The exact cause of atherosclerosis remains unknown, but the initial process - termed 'atherogenesis' - involves the transmigration of monocytes/macrophages across the endothelium into the intima, where they scavenge oxidized lipid (ox-LDL), forming lipid-laden 'foam cells'. Expression of adhesion molecules by endothelial cells promotes this transmigration. Foam cells undergo apoptosis, forming a lipid-rich core within the developing plaque. The formation of a plaque within the arterial wall triggers an inflammatory response, propagated by the secretion of growth factors and chemokines by resident plaque cells.
Circulating macrophages, recruited to the atherosclerotic plaque through chemotaxis, are a major source of matrix metalloproteinases (MMPs) - zinc-dependent enzymes that degrade the fibrous cap, predisposing the plaque to rupture. MMPs may also degrade the elastic laminae between layers of the arterial wall, facilitating the migration of smooth muscle cells from the tunica media to the fibrous cap, thus helping strengthen it.
A thick smooth muscle-cell rich fibrous cap with a small lipid core is characteristic of a 'stable' plaque, that is, one which is less likely to rupture. Plaques with a thin fibrous cap and a large, necrotic lipid core are termed 'unstable' or 'vulnerable' plaques and are more susceptible to rupture. Any defect in the fibrous cap exposes the thrombogenic plaque contents to the circulating blood, triggering thrombosis. Ninety percent of these plaque ruptures are clinically silent, yet the remaining proportion trigger myocardial infarction or stroke, and can be fatal.

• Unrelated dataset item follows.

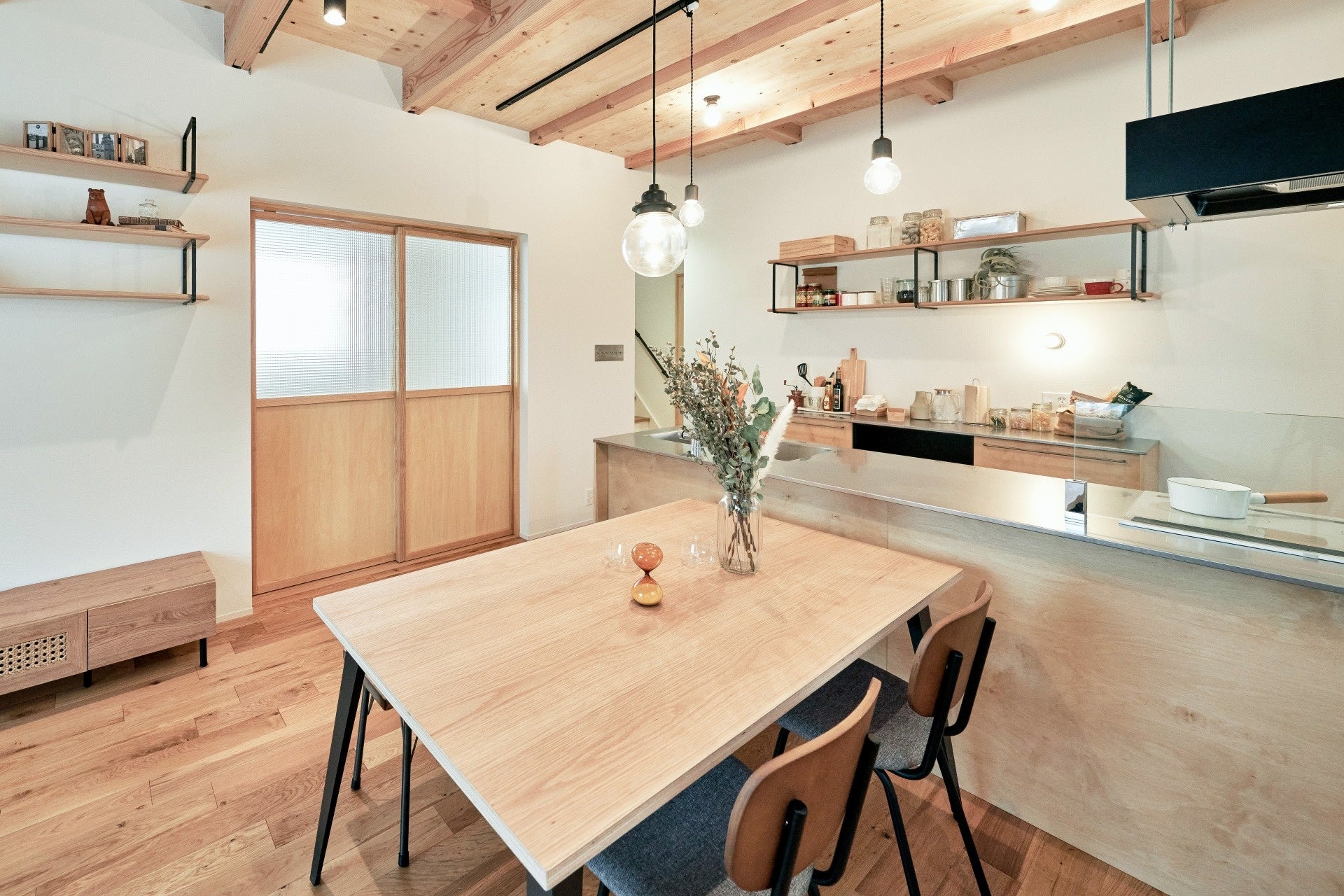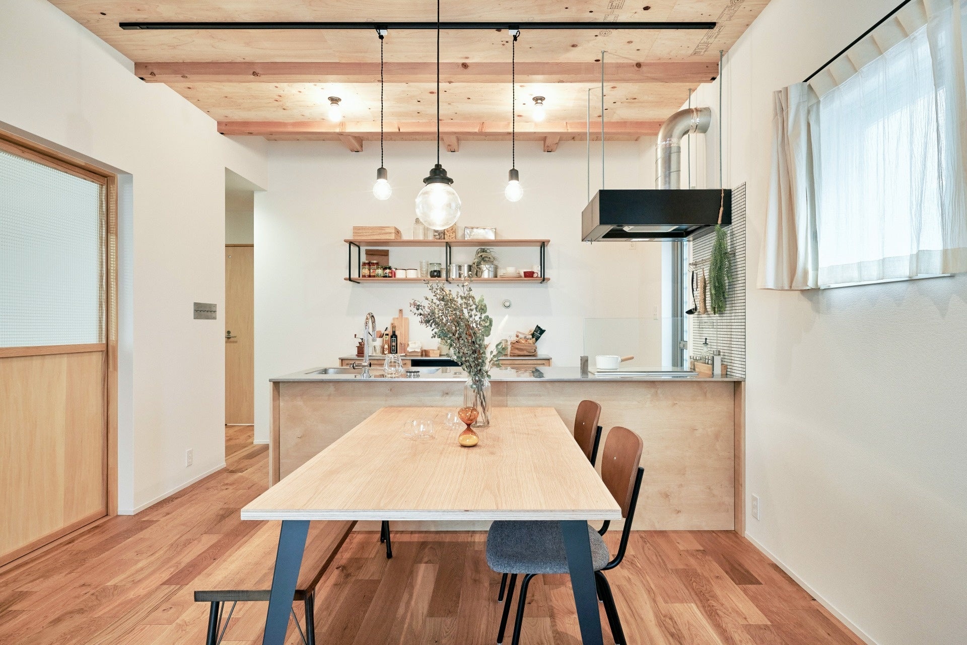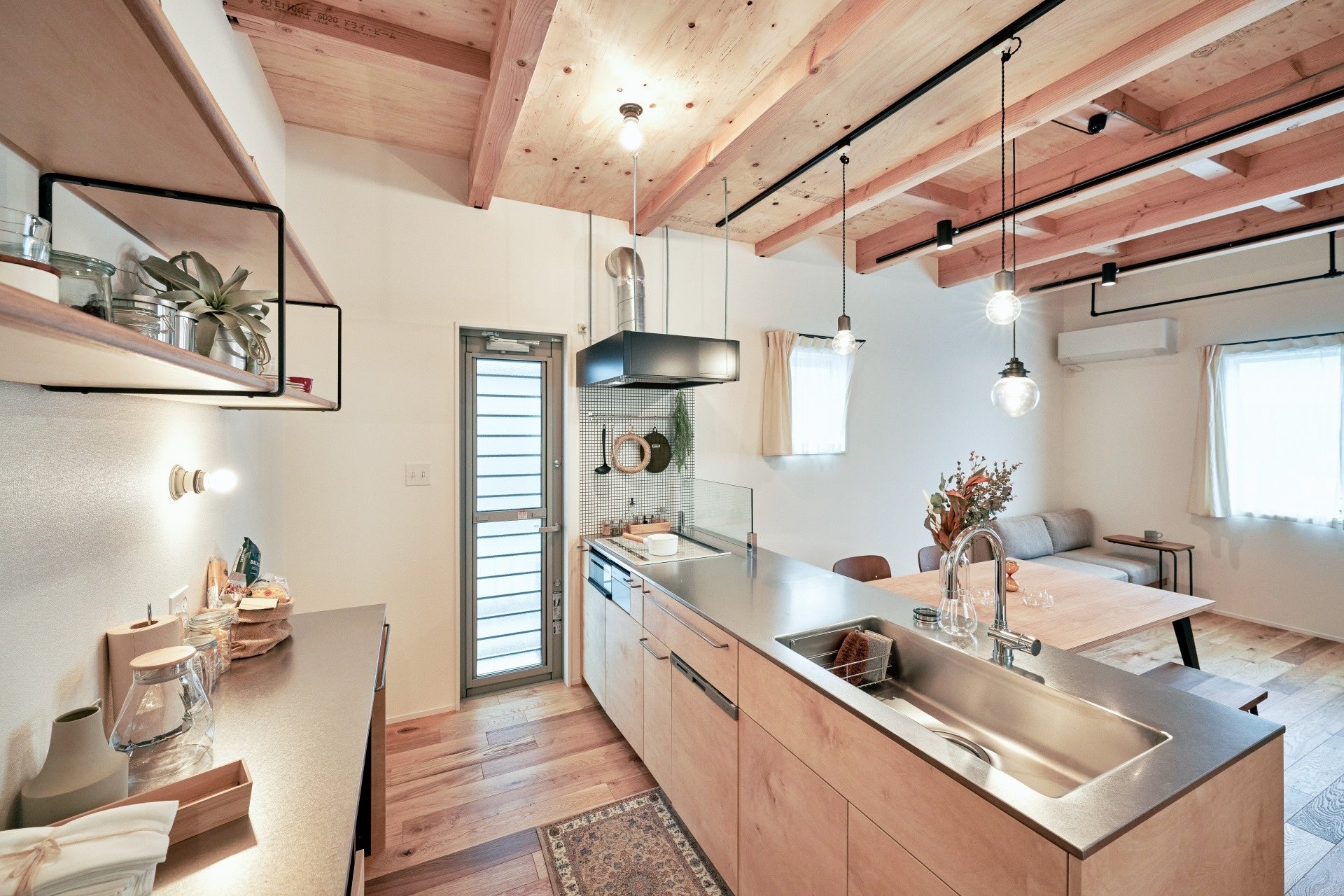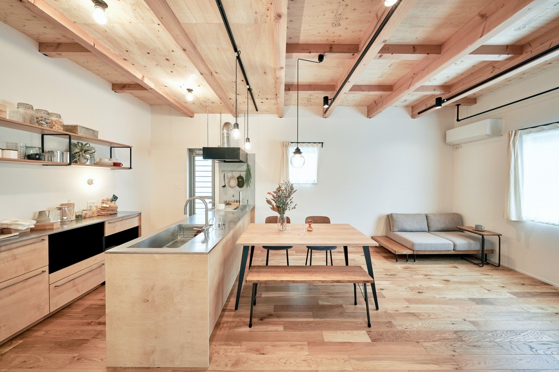 ▼家具のように空間へと馴染むtoolboxオリジナルの木製のシステムキッチン

In addition to the recruitment of macrophages within an atherosclerotic plaque, other immune mediators are also present during atherosclerosis. The expression of a number of pro-atherogenic cytokines, including interleukin (IL)-1 and IL-6, are known to be upregulated in atherosclerotic plaques, and therefore targeting the receptors of these cytokines may hinder the progression of atherosclerosis. Whilst activation of the immune response within an atherosclerotic plaque may be detrimental, driving the progression and eventual rupture of a plaque, it may equally be beneficial in resolving the inflammation and clearing necrotic foam cells from the core of the plaque. Therefore, targeting the immune response in atherosclerosis may be a 'double-edged sword'.

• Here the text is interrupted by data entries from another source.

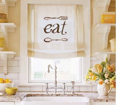 要加寬羅馬簾,首選剪些條紋布,長度相當于你實際裝飾的2倍(這里選的是20厘米長),對折熨燙長邊,然后折0.3厘米毛邊繼續(xù)熨燙。把燙好的毛邊粘到窗簾上,一頭粘正面,一頭粘背面,輕輕重合。用你喜歡的字體,每張紙印一個單詞。你可上網或到剪貼畫里找到銀餐具的圖案,并用復印機放大復印。把放大好的圖案放在窗簾下用鉛筆構出輪廓,按陰影輪廓以黑色布料馬克筆描好。將窗簾掛好并用大頭釘把裝飾固定在窗戶上。
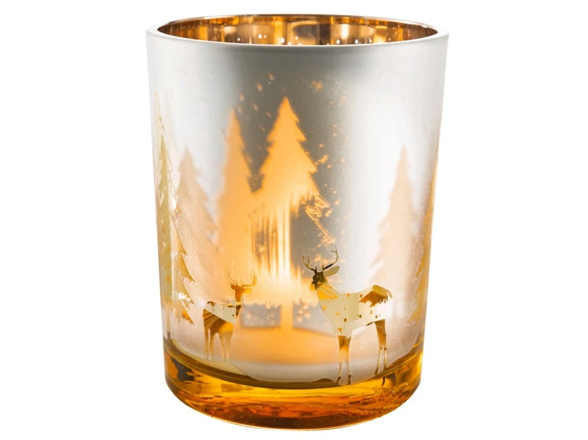 Großhandel ⭐ Kerzenglas mit Rentiere/Häuser “Black&White” – 7/8 cm in weiß 🧨
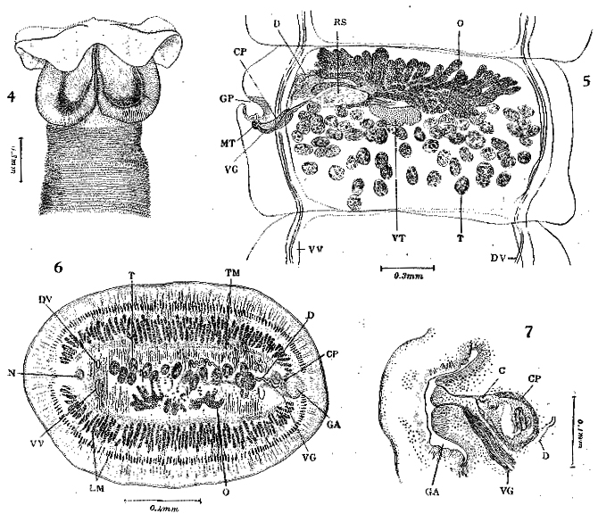 Figs. 4-7. Paratetrabothrius orientalis n. g., n. sp. Fig. 4. Scolex, ventral view. Fig. 5. Mature proglottis, ventral view. Fig. 6. Transverse section of immature proglottis. Fig. 7. Transverse section of mature proglottis through cirrus pouch and vagina.

Current therapeutics in atherosclerosis predominantly aim to reduce blood cholesterol, thereby limiting the expansion of an atherosclerotic plaque. Aside from lipid-lowering, a further potential avenue in the treatment of atherosclerosis is the coagulation cascade since it is the formation of an occlusive thrombus, not plaque rupture per se, which triggers the pathologies associated with atherosclerosis. Potential targets within the coagulation cascade include thrombin, urokinase plasminogen activator (uPA) and tissue plasminogen activator (tPA). Other mediators involved in platelet activation are also potential therapeutic targets in the prevention and treatment of atherothrombosis.